Little did I know that my fate would lead me down the divorce rabbit hole. I would have never imagined it would be me, after nineteen years and two children. And I also never imagined that I, one day, would be sitting outside a courtroom, in a sea of other distraught parents, thinking to myself, “How the hell did I get here? How did we become these unconscious people?”
What does unconsciously divorcing look like?
- Not having a clear plan
- Unhealed baggage
- Shattered ego and pride
- Using your kids to fulfill your needs
- Blaming your ex for your unhappiness
- Not owning how you got to this unconscious place
- Unrealistic expectations
- Putting your kids in the middle
- Competition parenting
- Jumping into another relationship without healing
- Not being able to co-parent
- Having to “win” all costs
- Reacting to everything rendering you powerless
- Still energetically attached in divorce
What did all of this teach me? That there are no winners in divorce, only opportunities to heal or stay stuck in a victim mindset. It becomes a choice, you can either fight and defend your worthiness and continue to remain powerless, or you can love yourself enough to step away from the fight.
I know the fight. I brought it with me everywhere I went: the fortress I built, the armor I wore, gloves on anticipating the next swing. I had to be ready! I was NEVER going to put myself in that vulnerable place again. I had to hold tight out of fear of what I could possibly lose next.
The energy I carried was heavy. It came with a price. Fear will make you forget who you are; it will choke the life out of any relationship, and what you fear you will attract, and I did attract just that.
As a divorced mother, a universal fear that we carry is “losing” our children. We try to control because we are so afraid that we will lose what we believe is ours.
Glennon Doyle says, “control is love without trust.” I had no trust. I felt alone in divorce, unsupported, left to figure things out on my own. People that I once trusted turned their backs on me because they couldn’t support my decision to leave. That lack of trust penetrated motherhood. I tried to be strategic in my parenting so that I could control the outcome, which was not losing my kids.

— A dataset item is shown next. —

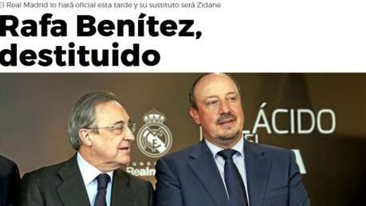 Rafa Benitez, di fatto, non è più l'allenatore del Real Madrid. L'annuncio lo danno ormai tutte le principali testate spagnole, a partire da Marca. Benitez sarà sostituito da Zinedine Zidane, attualmente tecnico del Real Castilla. Benitez paga il 2-2 sul campo del Valencia.

I didn’t see the consequences of this until it was too late. When my eldest son was 14, he wanted to live with his dad full time. You can read about my story here.
Anger, rage, and revenge fueled an internal war, and it brought me to desperate places no mother should ever have to experience. The fight was like wildfire, and it was destined to burn everything in its path. My ego wanted everyone to feel my pain, including my own child.
That was not unconditional love. Love doesn’t punish, it doesn’t keep score, it doesn’t keep track of time, and it certainly doesn’t destroy everything in its path.
Had I not learned how to Untie the Knots of Divorce, my internal landscape may have forever been desolate. I needed the right conditions, the right soil, to plant new seeds so that new life can flourish.
What you will find inside the Untying the Knots of Divorce digital course are the tools to help create the optimal conditions for new soil. Without the tools, without awareness, you will continue to attract the same experience that drew you into this unconscious relationship.
I know it feels impossible to forgive someone you felt betrayed by, abandoned by, or unworthy because of their choices. But not healing from this will keep you energetically married, which is why you may still be feeling powerless.
Nobody can make you feel powerless unless you have limiting beliefs that still need to be uprooted. Unless you gain awareness around what is keeping you stuck, you will continue to do what you have always done, meaning you may be spinning in a hamster wheel, getting nowhere, and not having any idea that all you have to do is take yourself out of it.
How does it feel to be in the hamster wheel?
- Reacting every time your ex sends you a text or an email
- Having to defend your choices to everyone
- Fighting in court getting absolutely nowhere
- Wanting to punish your ex or prove him wrong
- Needing to win or be right
- Rallying the troops to fight your battles, which may include your children
- Feeling paralyzed by court documents
- Feeling threatened as a mother
- Feeling like you need to compete or compare
- Giving in to your kids’ demands because you fear losing them
When you do the work to untie the knots, none of this will matter. You’ll stop breathing life into what isn’t serving your highest good, and you’ll begin the journey back to your truth, which is what you have long forgotten. You’ll stop negotiating parts of yourself out of fear of losing any more than you already have, and you’ll be able to parent from a place of unconditional love because you won’t need your children to fulfill you.
Your divorce experience doesn’t have to be one of loss, victimization, or powerlessness. It can be the catalyst you need for change, setting yourself free, and for authentic deep-rooted healing—the kind of healing that reconnects you back to your truth and your purpose.